- Akçakoyun Location within Turkey Akçakoyun Location within Marmara
- Coordinates: 39°49′N 27°10′E﻿ / ﻿39.817°N 27.167°E
- Country: Turkey
- Province: Çanakkale
- District: Yenice
- Elevation: 260 m (850 ft)
- Population (2021): 898
- Time zone: UTC+3 (TRT)
- Postal code: 17560
- Area code: 0286

= Akçakoyun =

Akçakoyun (literally "white sheep") is a village in Yenice District of Çanakkale Province, Turkey. Its population is 898 (2021). Before the 2013 reorganisation, it was a town (belde). Akçakoyun is situated to west of Kalkım pond and to the south of Agonya creek.
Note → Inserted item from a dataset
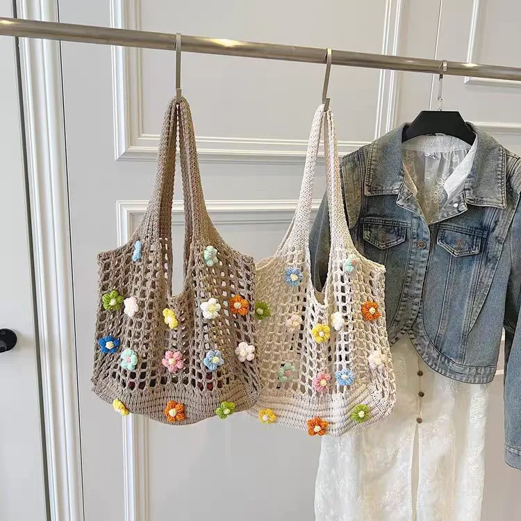 The knitted shoulder bag for women, code 3178, is a large handbag with a simple and spacious design. The upper part of the bag, near the opening and the straps, features a mesh and open weave that forms regular square-shaped holes. This mesh weave transitions into a denser weave at the bottom of the bag. Two straps for carrying the bag on the shoulder are woven from the same material as the body and are seamlessly attached to the bag. These straps are relatively wide and comfortably rest on the shoulder. This bag is suitable for everyday and casual use for carrying more items.

The distance to Yenice is 45 km.

The history of Akçakoyun is somewhat intermingled with that of Kalkım, a town to the east of Akçakoyun. The area around Akçakoyun, then named Agonya was an important ironworking center during the ancient ages. During the Turkish rule, originally a single settlement, it was split into two, namely Kalkım and Akçakoyun. In 1995, the settlement was declared a seat of township. Main economic sector of the town is fruit farming. Forestry, animal breeding and hunting tourism are other sectors.